**** Input data ****

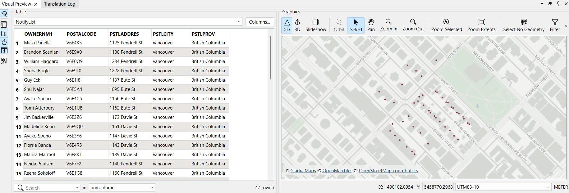 Optionally, Jennifer extracts and opens the data in FME Data Inspector. She can use this list to send letters to the residents affected by the construction.
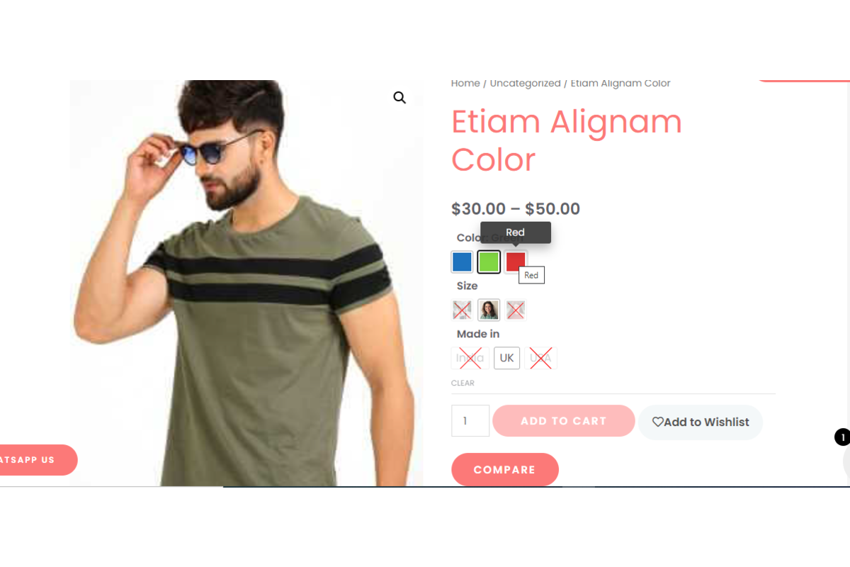 Variation Swatches for the WooCommerce plugin give a much better way to showcase variants of variable products. This plugin will help select the effective style for each attribute, such as color, graphics, or labels. It allows you to show product colors, sizes, styles, and many other features that WooCommerce does not provide.
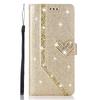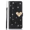 Luxury Bling Diamond PU Leather Flip Case Rhinestone 3D Love Heart Glitter Wallet Cover for iPhone Samsung Huawei
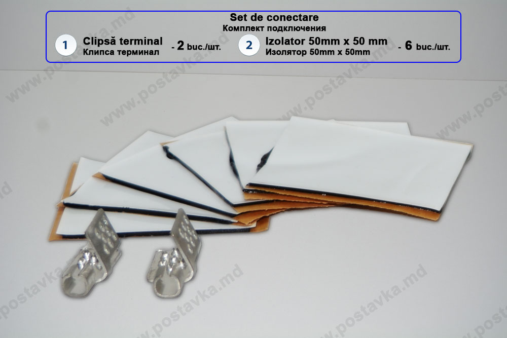 Один монтажный комплект расчитан на подключение одной полосы термопленки. В состав одного монтажного комплекта входят:
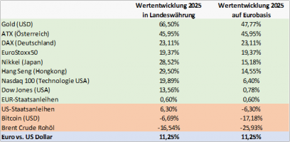 Einmal mehr zeigt der Rückblick auf das Jahr 2025, dass man beim Ausblick zu Jahresbeginn wohl andere Ergebnisse erwartet hätte. Wenn man als Anleger alles auf ein Pferd bzw. einen Markt setzt

****

§ Work instructions
Return all records above verbatim without their pictures.

§ Result of this task
 Optionally, Jennifer extracts and opens the data in FME Data Inspector. She can use this list to send letters to the residents affected by the construction.
 Variation Swatches for the WooCommerce plugin give a much better way to showcase variants of variable products. This plugin will help select the effective style for each attribute, such as color, graphics, or labels. It allows you to show product colors, sizes, styles, and many other features that WooCommerce does not provide.
 Luxury Bling Diamond PU Leather Flip Case Rhinestone 3D Love Heart Glitter Wallet Cover for iPhone Samsung Huawei
 Один монтажный комплект расчитан на подключение одной полосы термопленки. В состав одного монтажного комплекта входят:
 Einmal mehr zeigt der Rückblick auf das Jahr 2025, dass man beim Ausblick zu Jahresbeginn wohl andere Ergebnisse erwartet hätte. Wenn man als Anleger alles auf ein Pferd bzw. einen Markt setzt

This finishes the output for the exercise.